带有余温的呼气遇上天罚台外冷肃的空气,很快便化作一团茫茫白雾,而后一阵风吹,便似被什么无形之物拖曳拉扯了一般,仓促消散再不可见。
云华望着那霎时间就一干二净的空间,缓缓垂眸,心中酸涩之情却是不退反涌。
俄而,一道清冷又严肃的嗓音,打断了她的惆怅:“你没有忘,是不是?!”
手上传来几分冰冷,云华略有几分怔忪地抬眸,对上了嫦娥紧张的目光。
注视着云华的脸颊,嫦娥一字一顿:“这二十年的事,你都记得。这二十年的情,你也没忘……是不是?!”
克制着语气叫自己不要太咄咄逼人,免得让云华回避作答,可她的心里面却是难以遏制的惊疑,甚至才刚轻松下来不久的目光里,又盛满了惶恐之色。
和杨天佑成亲前的云华不是这样的——哪怕是碰上了什么战友壮烈牺牲的情形,她悲痛地发泄完后,也会很快收拾情绪,做回那个果决旷达的斗牛宫侍长。
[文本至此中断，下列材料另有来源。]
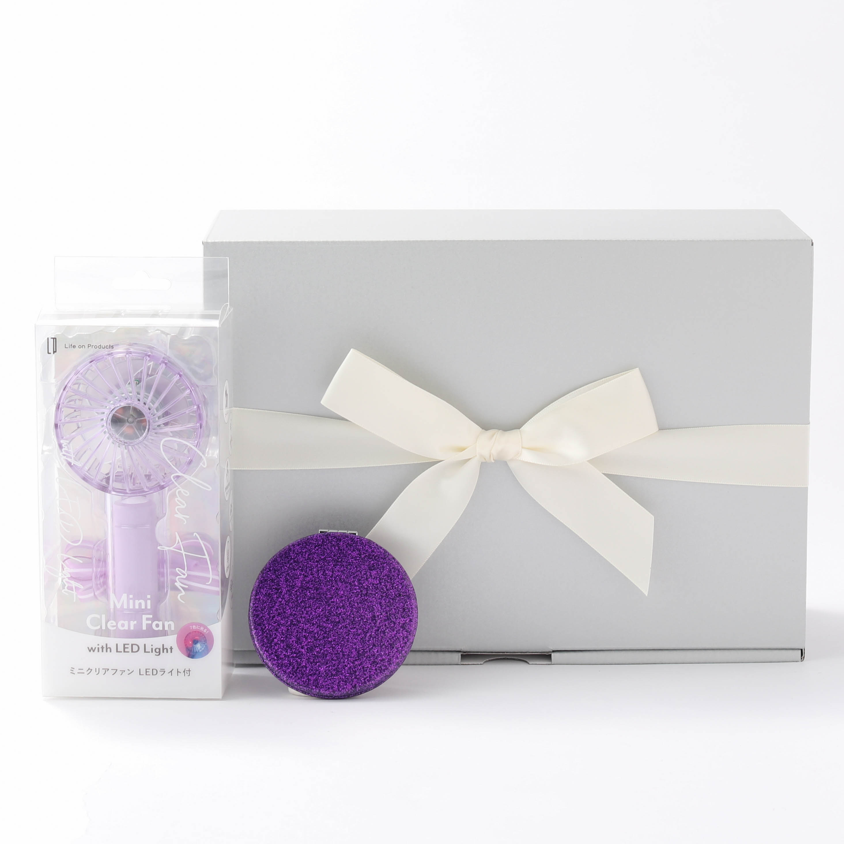 名入れができるコンパクトミラーとクリアなデザインが写真映えするハンディファンのセット。夏の“必需品”に名入れで特別感をプラスした贈り物です。ハンディファンは自動で7色に変わるLEDライト付で暗い場所でも楽しくお使いいただけます。

而不是剖心喂血后那样,会有惆怅、哀愁等等缠绵悱恻又藕断丝连的情绪,连当断则断的决定都做不到。
自然,恢复回神心后的云华,也不该如此。
双目紧紧盯在云华的眉宇间,越是看出了其中的惆怅之情,嫦娥的心就越沉了下去。
——如果云华还有那种情绪,那是不是说明,这一次的治疗失败了?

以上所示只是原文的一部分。